A população quer resultado e isso angustia um governo sem plano econômico e mantém acesa a chama da desconfiança do mercado. Ao mesmo tempo em que Lula tenta usar a diplomacia para ganhar relevância internacional se aproximando de Joe Biden, não deve se esquecer que o atual presidente dos Estados Unidos integrou o governo Obama, o qual patrocinou o grampo do governo Dilma Rousseff, abençoou a Lava Jato, mandando para o Brasil instrutores das suas forças de segurança para “treinar” a turma da República de Curitiba, e ajudou a condenar e prender Lula. Aqui não tem brother não, meu amigo.
Lula pode fazer o movimento de ser um pregador da paz mundial, mas isso não fará a menor diferença para um governo Biden –provavelmente também para seu sucessor– focado em fazer da guerra um negócio, estimulando um conflito que ainda durará bastante tempo e renderá empregos e lucros.
Do ponto de vista prático, o melhor seria olhar para os campos da Ucrânia, totalmente destruídos pela máquina de guerra russa.
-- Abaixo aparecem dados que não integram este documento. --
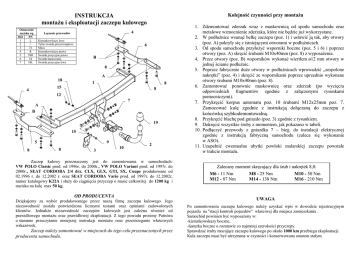 Kolejność czynności przy montaŜu INSTRUKCJA montaŜu i eksploatacji zaczepu kulowego Oznaczenie zacisku wg ISO PN 1 L 2 + 3 31 4 R 5 58R 6 54 7 58L 4 Łączenie przewodów Kierunkowskazy lewe Tylne światła przeciwmgłowe Masa Kierunkowskazy prawe Światła pozycyjne prawe Światła hamowania Światła pozycyjne lewe 6 B 8 A 18 1 8 15 4 8 12 7 A B 19 15 5 8 9 8 3 10 2 Zaczep kulowy przeznaczony jest do zamontowania w samochodach: VW POLO Classic prod. od 1996r. do 2000r., VW POLO Variant prod. od 1997r. do 2000r., SEAT CORDOBA 2/4 drz. CLX, GLX, GTI, SX, Coupe produkowane od 02.1996 r. do 12.2002 r. oraz SEAT CORDOBA Vario prod. od 1997r. do 12.2002r, numer katalogowy K22A i słuŜy do ciągnięcia przyczep o masie całkowitej do 1200 kg i nacisku na kulę max 50 kg. OD PRODUCENTA Dziękujemy za wybór produkowanego przez naszą firmę zaczepu kulowego. Jego niezawodność została potwierdzona licznymi testami oraz opiniami zadowolonych klientów. JednakŜe niezawodność zaczepów kulowych jest zaleŜna równieŜ od prawidłowego montaŜu oraz prawidłowej eksploatacji. Z tego powodu prosimy Państwa o staranne przeczytanie niniejszej instrukcji montaŜu oraz przestrzeganie właściwych wskazówek. Zaczep naleŜy zamontować w miejscach do tego celu przeznaczonych przez producenta samochodu. 1. Zdemontować zderzak wraz z maskownicą od spodu samochodu oraz metalowe wzmocnienie zderzaka, które nie będzie juŜ wykorzystane. 2. W podłuŜnice wsunąć belkę zaczepu (poz. 1) i ustawić ją tak, aby otwory (poz. A) pokryły się z istniejącymi otworami w podłuŜnicach. 3. Od spodu samochodu przyłoŜyć wsporniki boczne (poz. 5 i 6) i poprzez otwory (poz. A) skręcić śrubami M10x40mm (poz. 8) z wyposaŜenia. 4. Przez otwory (poz. B) wsporników wykonać wiertłem ø12 mm otwory w jednej ścianie podłuŜnic. 5. Poprzez fabrycznie duŜe otwory w podłuŜnicach wprowadzić „zespolone nakrętki” (poz. 4) i skręcić ze wspornikami poprzez uprzednio wykonane otwory śrubami M10x40mm (poz. 8). 6. Zamontować ponownie maskownicę oraz zderzak (po wycięciu odpowiednich fragmentów zgodnie z załączonymi rysunkami pomocniczymi). 7. Przykręcić korpus automatu poz. 10 śrubami M12x25mm poz. 7. Zamocować kulę zgodnie z instrukcją dołączaną do zaczepu z końcówką szybkodemontowalną. 8. Przykręcić blachę pod gniazdo (poz. 3) zgodnie z rysunkiem. 9. Dokręcić wszystkie śruby z momentem, jak pokazano w tabeli. 10. Podłączyć przewody z gniazdka 7 – bieg. do instalacji elektrycznej zgodnie z instrukcją fabryczną samochodu (zaleca się wykonanie w ASO). 11. Uzupełnić ewentualne ubytki powłoki malarskiej zaczepu powstałe w trakcie montaŜu. Zalecany moment skręcający dla śrub i nakrętek 8,8: M6 - 11 Nm M8 - 25 Nm M10 - 50 Nm M12 - 87 Nm M14 - 138 Nm M16 - 210 Nm UWAGA Po zamontowaniu zaczepu kulowego naleŜy uzyskać wpis w dowodzie rejestracyjnym pojazdu na "stacji kontroli pojazdów" właściwej dla miejsca zamieszkania . Samochód powinien być wyposaŜony w: -kierunkowskazy boczne, -lusterka boczne o rozstawie co najmniej szerokości przyczepy. Sprawdzać śruby mocujące zaczepu kulowego po około 1000 km przebiegu eksploatacji. Kula zaczepu musi być utrzymana w czystości i konserwowana smarem stałym. PPUH AUTO-HAK Sp.J. WyposaŜenie zaczepu: Produkcja Zaczepów Kulowych Henryk & Zbigniew Nejman 76-200 SŁUPSK ul. Słoneczna 16K tel/fax (059) 8-414-414; 8-414-413 e-mail: [email protected] www. autohak.com.pl Zaczep kulowy bez wyposaŜenia elektrycznego K22A KARTA GWARANCYJNA Producent udziela gwarancji niniejszą kartą gwarancyjną na okres 24 miesięcy licząc od dnia zakupu zaczepu kulowego do samochodu: VW POLO Classic produkowany od 1996r. do 2000r. VW POLO Variant produkowany od 1997r. do 2000r. SEAT CORDOBA 2/4 drz. CLX, GLX, GTI, SX, Coupe produkowane od 02.1996r. do 12.2002r. SEAT CORDOBA Vario produkowany od 1997r. do 12.2002r Data produkcji .............................. Data zakupu........................................... Zakres gwarancji obejmuje wyłącznie wady jakościowe wynikające z winy producenta. Gwarancja nie obejmuje natomiast uszkodzeń zawinionych przez nabywcę, wynikających z niewłaściwego montaŜu, uŜytkowania lub konserwacji, uszkodzeń mechanicznych, normalnego zuŜycia podczas eksploatacji itp. Gwarancja udzielona na zakupiony towar nie wyłącza, nie ogranicza ani nie zawiesza uprawnień kupującego wynikających z niezgodności towaru z umową. Reklamacje naleŜy zgłaszać w punkcie sprzedaŜy, składając jednocześnie kartę gwarancyjną. Usunięcie "wady" następuje po stwierdzeniu przez punkt sprzedaŜy wspólnie z producentem słuszności złoŜonej reklamacji. Reklamacja powinna być załatwiona w ciągu czternastu dni od dnia uznania reklamacji. Karta gwarancyjna jest niewaŜna jeŜeli nie jest wypełniona i podpisana. Data zgłoszenia reklamacji: ................................................................... Klasa: A50-X Nr kat. Przeznaczony do zamontowania w samochodzie: VW POLO Classic produkowany od 1996r. do 2000r. VW POLO Variant produkowany od 1997r. do 2000r. SEAT CORDOBA 2/4 drz. CLX, GLX, GTI, SX, Coupe produkowane od 02.1996r. do 12.2002r. SEAT CORDOBA Vario produkowany od 1997r. do 12.2002r Dane techniczne: Wartość siły D: 6,70 kN maksymalna masa przyczepy: 1200 kg maksymalny nacisk na kulę: 50 kg Numer homologacji zgodnie z dyrektywą 94/20/WE: e20*94/20*0407*00 INFORMACJA WSTĘPNA Zaczep kulowy jest skonstruowany zgodnie z zasadami bezpieczeństwa ruchu drogowego. Zaczep kulowy jest elementem wpływającym na bezpieczeństwo jazdy i moŜe zostać zainstalowany wyłącznie przez personel wyspecjalizowany. Niedopuszczalne jest dokonywanie jakichkolwiek zmian w konstrukcji zaczepu. Powoduje to wygaśniecie dopuszczenia do stosowania. W przypadku obecności masy izolacyjnej lub osłony podwozia w miejscu przylegania zaczepu, naleŜy ją usunąć. Nieosłonięte miejsca karoserii oraz wy

Quando um míssil cai num campo de trigo, faz um buraco enorme, mas o pior é a contaminação gerada pelos produtos químicos, tudo feito para matar. Não haverá colheita tão cedo, muito menos fartura.
Além da guerra, a Europa convive com uma praga chamada gripe aviária, que, só na França, matou mais de 100 milhões de aves nos últimos meses. Aves e suínos são as duas mais importantes fontes de proteína para os europeus. Cada vez que estes mercados são afetados, o dragão da inflação balança o rabo.
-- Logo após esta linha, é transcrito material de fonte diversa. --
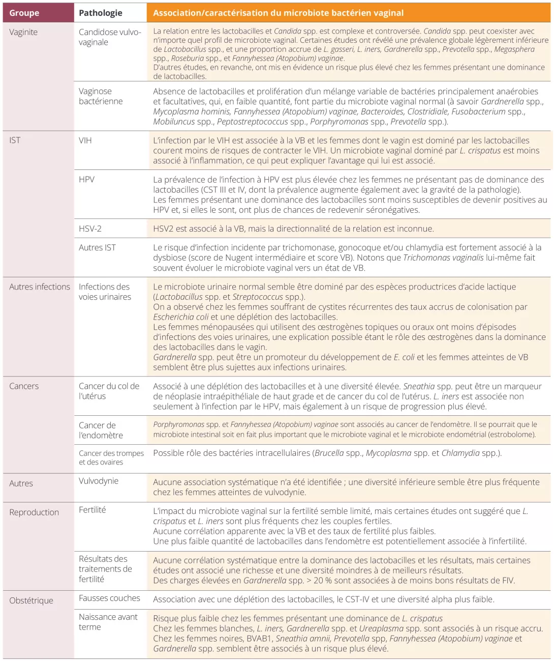 Tabla 1. Condiciones ginecológicas y obstétricas y sus asociaciones con el microbioma vaginal.

A solução para a crise europeia está no Brasil. Mas aqui os apoiadores do governo Lula resolveram promover invasão de terras no Carnaval e vão tocar fogo no parquinho em abril, quando fazem seus tradicionais protestos lembrando a chacina de Eldorado dos Carajás. Tudo o que o Brasil não precisa é de confusão no campo, especialmente quando o mercado mundial está cada vez mais dependente do nosso agronegócio. Enquanto a miséria segue sendo moeda política por aqui, nos Estados Unidos a moeda política é a guerra que faz crescer o PIB.
Confusão no campo pode significar mais inflação que, por sinal, deu um soluço neste início do ano, como para mostrar a Lula que talvez não seja bom negócio brigar com um Banco Central que faz o dever de casa. Se os juros aqui estão maiores que os dos Estados Unidos, por exemplo, é porque nosso risco é maior. Baixar os juros para 5% ou 6% irá provocar uma fuga de investidores, preferindo aplicar nos papéis do governo americano, muito mais seguros que os nossos. Gostemos ou não, é assim que funciona.
O Brasil até agora está se segurando, com uma inflação menor que a dos Estados Unidos, Inglaterra e Zona do Euro. O empobrecimento é global, mas uns empobrecem mais rápido, como a Argentina. O Brasil pode continuar no clube dos que perdem mais devagar, mantendo o poder de compra dos mais pobres. Basta não achar que precisa reinventar a roda e lembrar que o eleitor espera resultados. Ele até topa fazer sacrifícios, mas tudo desandar o governo pagará caro na eleição seguinte.